A reader (Thanks JZ!) sends in links to Mike Rowe's Ted talk (at the bottom of this post) and Congressional testimony from last year (above). He is a champion of skilled labor and a great spokesman for parts of the workforce that are often marginalized as less worthy than college graduates.
Here is an excerpt:
I believe we need a national PR Campaign for Skilled Labor. A big one. Something that addresses the widening skills gap head on, and reconnects the country with the most important part of our workforce.Here is an entertaining Ted talk by Rowe (skip to 15:30 for the bottom line).

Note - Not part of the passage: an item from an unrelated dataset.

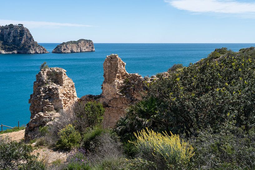 An der Mittelmeerküste in Jávea befinden sich auf einer Klippe die Ruinen einer historischen Festungsanlage. Unter einem klaren Himmel bietet sich eine wunderbare Sicht auf das Meer und die Steinmauern des Castillo de la Granadella, das von mediterranen Sträuchern und Kräutern umgeben ist. In der Vergangenheit wurde dieser exponierte…

Right now, American manufacturing is struggling to fill 200,000 vacant positions. There are 450,000 openings in trades, transportation and utilities. The skills gap is real, and it's getting wider. In Alabama, a third of all skilled tradesmen are over 55. They're retiring fast, and no one is there to replace them.
Alabama's not alone. A few months ago in Atlanta I ran into Tom Vilsack, our Secretary of Agriculture. Tom told me about a governor who was unable to move forward on the construction of a power plant. The reason was telling. It wasn't a lack of funds. It wasn't a lack of support. It was a lack of qualified welders.
In general, we're surprised that high unemployment can exist at the same time as a skilled labor shortage. We shouldn't be. We've pretty much guaranteed it.
In high schools, the vocational arts have all but vanished. We've elevated the importance of "higher education" to such a lofty perch that all other forms of knowledge are now labeled "alternative." Millions of parents and kids see apprenticeships and on-the-job-training opportunities as "vocational consolation prizes," best suited for those not cut out for a four-year degree. And still, we talk about millions of "shovel ready" jobs for a society that doesn't encourage people to pick up a shovel.